### PROBLEM DESCRIPTION
Give the listing again word for word. Leave every image out.

### INFORMATION GIVEN

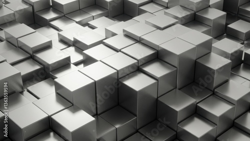 Fototapeta premium An abstract metallic silver cube arrangement in a geometric block pattern.
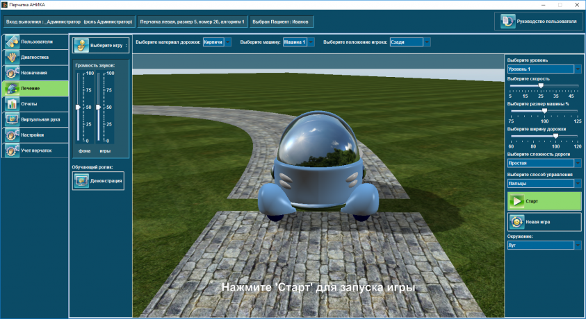 Работа на тренажере «Аника» проводится в три этапа. На первом - диагностическом - исследуется объем пассивных и активных движений пальцев, предплечья и запястья. На основе анализа полученной информации формируется программа для второго - реабилитационного этапа. На третьем этапе врач имеет возможность корректировать и контролировать лечение на основе полученных данных. Полученные результаты программа сохраняет на сервер статистики.
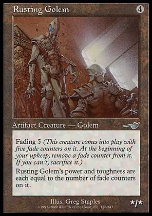 Card TextFading 5 (This creature enters the battlefield with five fade counters on it. At the beginning of your upkeep, remove a fade counter from it. If you can t, sacrifice it.) Rusting Golem s power and toughness are each equal to the number of fade counters on it.
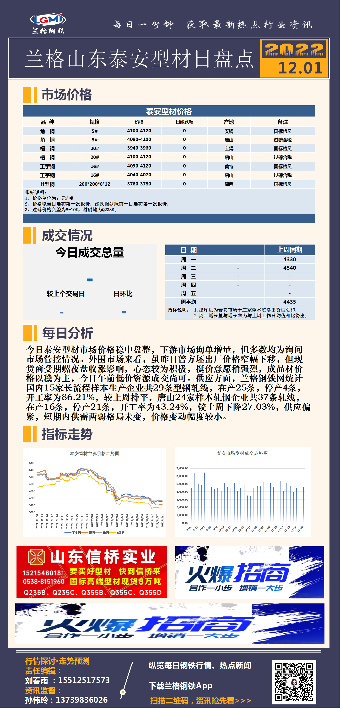 - 泰安型材日盘点:价格盘整 低价资源成交尚可2022/12/1
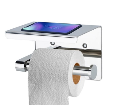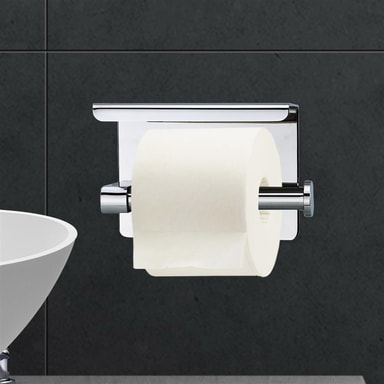 Hylden er det ideelle sted til din mobiltelefon, en pakke vådservietter eller andre toiletsager. Få glæde af denne moderne og praktiske toiletrulleholder!
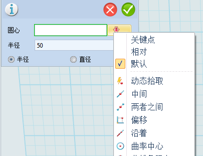 ,圆心选择曲率中心,输入半径50,绘制如图:
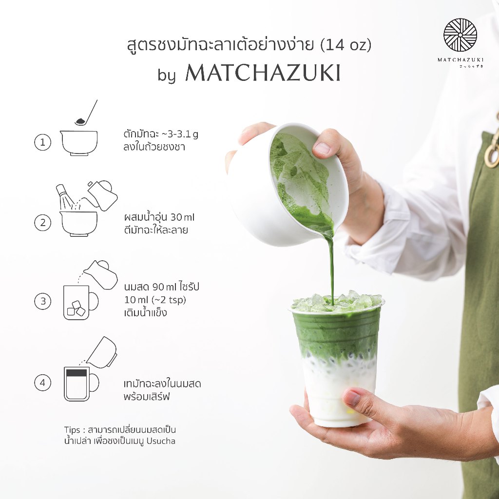 - ส่วนประกอบ: มัทฉะญี่ปุ่นแท้ 100%
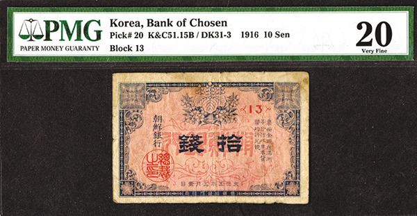 Korea. 10 Sen. P-20. K&C51.15B / DK31-3. Taisho yr. 5. Block 13. Blue on rose underprint. PMG Graded Very Fine 20, previously mounted notation.
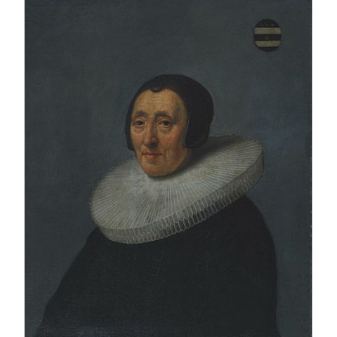AN ELDERLY WOMAN IN A CARTWHEEL RUFF WITH COAT OF ARMS
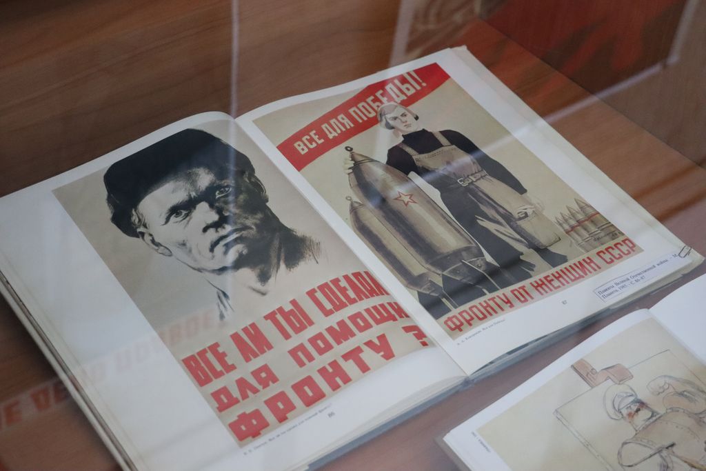 Созданием агитационных плакатов занимались талантливые художники, имена которых остались в истории изобразительного искусства советского народа. На выставке представлены репродукции плакатов признанных мастеров советской графики: Виктора Корецкого, Ираклия Тоидзе, Дмитрия Моора, Владимира Серова, Леонида Голованова, творческого коллектива «Кукрыниксы» и другими художниками, которые внесли значительный вклад в визуальную хронику Великой Отечественной войны.
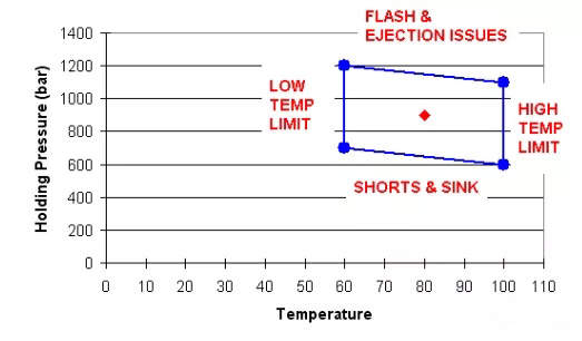 ????????成型視窗是非常重要的一個(gè)測(cè)試。通常這個(gè)外觀成型視窗是由保壓和料溫(無定形料)、保壓和模溫(結(jié)晶料)構(gòu)成。
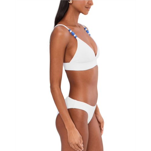 - Engineered for impact, the BECCA by Rebecca Virtue Streamline High Neck Top offers an edgy aesthetic without compromising on essential, secure support. Crafted with a fine rib texture, this halterkorea silhouette hugs your curves with a smooth, flattering fit that feels as good as it looks. The Modern Edge wide band rib construction offers enhanced support, making it perfect for lounging, swimming, or styling beyond the beach. At the center front, multi-color marbleized beads add an elevated, artful touch that instantly sets this piece apart. Removable cups let you customize coverage and shaping to suit your comfort, while the secure hook-and-eye closure ensures a stay-put fit you can trust. Bold yet refined, this high-neck top blends statement details with everyday wearability.

### EXERCISE SOLUTION
 Fototapeta premium An abstract metallic silver cube arrangement in a geometric block pattern.
 Работа на тренажере «Аника» проводится в три этапа. На первом - диагностическом - исследуется объем пассивных и активных движений пальцев, предплечья и запястья. На основе анализа полученной информации формируется программа для второго - реабилитационного этапа. На третьем этапе врач имеет возможность корректировать и контролировать лечение на основе полученных данных. Полученные результаты программа сохраняет на сервер статистики.
 Card TextFading 5 (This creature enters the battlefield with five fade counters on it. At the beginning of your upkeep, remove a fade counter from it. If you can t, sacrifice it.) Rusting Golem s power and toughness are each equal to the number of fade counters on it.
 - 泰安型材日盘点:价格盘整 低价资源成交尚可2022/12/1
 Hylden er det ideelle sted til din mobiltelefon, en pakke vådservietter eller andre toiletsager. Få glæde af denne moderne og praktiske toiletrulleholder!
 ,圆心选择曲率中心,输入半径50,绘制如图:
 - ส่วนประกอบ: มัทฉะญี่ปุ่นแท้ 100%
 Korea. 10 Sen. P-20. K&C51.15B / DK31-3. Taisho yr. 5. Block 13. Blue on rose underprint. PMG Graded Very Fine 20, previously mounted notation.
AN ELDERLY WOMAN IN A CARTWHEEL RUFF WITH COAT OF ARMS
 Созданием агитационных плакатов занимались талантливые художники, имена которых остались в истории изобразительного искусства советского народа. На выставке представлены репродукции плакатов признанных мастеров советской графики: Виктора Корецкого, Ираклия Тоидзе, Дмитрия Моора, Владимира Серова, Леонида Голованова, творческого коллектива «Кукрыниксы» и другими художниками, которые внесли значительный вклад в визуальную хронику Великой Отечественной войны.
 ????????成型視窗是非常重要的一個(gè)測(cè)試。通常這個(gè)外觀成型視窗是由保壓和料溫(無定形料)、保壓和模溫(結(jié)晶料)構(gòu)成。
 - Engineered for impact, the BECCA by Rebecca Virtue Streamline High Neck Top offers an edgy aesthetic without compromising on essential, secure support. Crafted with a fine rib texture, this halterkorea silhouette hugs your curves with a smooth, flattering fit that feels as good as it looks. The Modern Edge wide band rib construction offers enhanced support, making it perfect for lounging, swimming, or styling beyond the beach. At the center front, multi-color marbleized beads add an elevated, artful touch that instantly sets this piece apart. Removable cups let you customize coverage and shaping to suit your comfort, while the secure hook-and-eye closure ensures a stay-put fit you can trust. Bold yet refined, this high-neck top blends statement details with everyday wearability.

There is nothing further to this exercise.